Nguyen Phuong H
Institute of Physical and Theoretical Chemistry, J.W. Goethe University, Frankfurt, Germany.
Proteins. 2006 Dec 1;65(4):898-913. doi: 10.1002/prot.21185.
Employing the recently developed hierarchical nonlinear principal component analysis (NLPCA) method of Saegusa et al. (Neurocomputing 2004;61:57-70 and IEICE Trans Inf Syst 2005;E88-D:2242-2248), the complexities of the free energy landscapes of several peptides, including triglycine, hexaalanine, and the C-terminal beta-hairpin of protein G, were studied. First, the performance of this NLPCA method was compared with the standard linear principal component analysis (PCA). In particular, we compared two methods according to (1) the ability of the dimensionality reduction and (2) the efficient representation of peptide conformations in low-dimensional spaces spanned by the first few principal components. The study revealed that NLPCA reduces the dimensionality of the considered systems much better, than did PCA. For example, in order to get the similar error, which is due to representation of the original data of beta-hairpin in low dimensional space, one needs 4 and 21 principal components of NLPCA and PCA, respectively. Second, by representing the free energy landscapes of the considered systems as a function of the first two principal components obtained from PCA, we obtained the relatively well-structured free energy landscapes. In contrast, the free energy landscapes of NLPCA are much more complicated, exhibiting many states which are hidden in the PCA maps, especially in the unfolded regions. Furthermore, the study also showed that many states in the PCA maps are mixed up by several peptide conformations, while those of the NLPCA maps are more pure. This finding suggests that the NLPCA should be used to capture the essential features of the systems.

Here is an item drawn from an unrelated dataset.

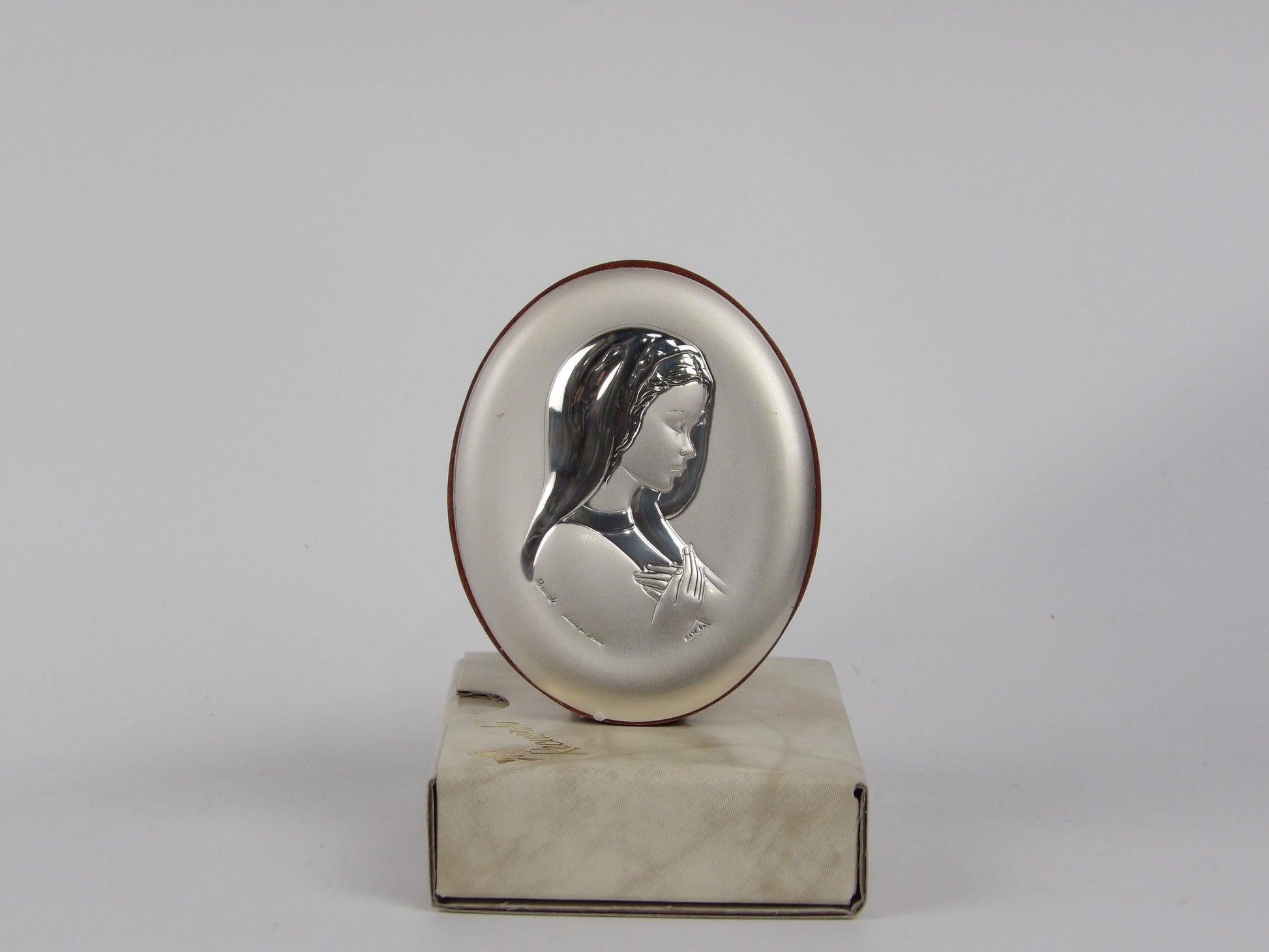 Esta elegante Virgen sobre laminado ovalado de plata está montada sobre una lujosa base de caoba, elaborada a mano por artesanos italianos de Linea Argenti. Los exquisitos detalles de la Virgen María en radiante laminado de plata realzan su expresión serena y apacible, convirtiéndola en una impresionante pieza de arte religioso.

采用最近由佐久间等人开发的分层非线性主成分分析(NLPCA)方法(《神经计算》2004年;61:57 - 70以及《IEICE信息系统学报》2005年;E88 - D:2242 - 2248),研究了包括三甘氨酸、六丙氨酸以及蛋白G的C端β - 发夹在内的几种肽的自由能景观的复杂性。首先,将这种NLPCA方法的性能与标准线性主成分分析(PCA)进行了比较。具体而言,我们根据(1)降维能力和(2)在前几个主成分所跨越的低维空间中肽构象的有效表示来比较这两种方法。研究表明,NLPCA在降低所考虑系统的维度方面比PCA要好得多。例如,为了在低维空间中获得由于β - 发夹原始数据表示而产生的相似误差,分别需要NLPCA的4个主成分和PCA的21个主成分。其次,通过将所考虑系统的自由能景观表示为从PCA获得的前两个主成分的函数,我们得到了结构相对良好的自由能景观。相比之下,NLPCA的自由能景观要复杂得多,展现出许多隐藏在PCA图中的状态,特别是在未折叠区域。此外,研究还表明,PCA图中的许多状态被几种肽构象混合在一起,而NLPCA图中的状态则更纯净。这一发现表明,应该使用NLPCA来捕捉系统的基本特征。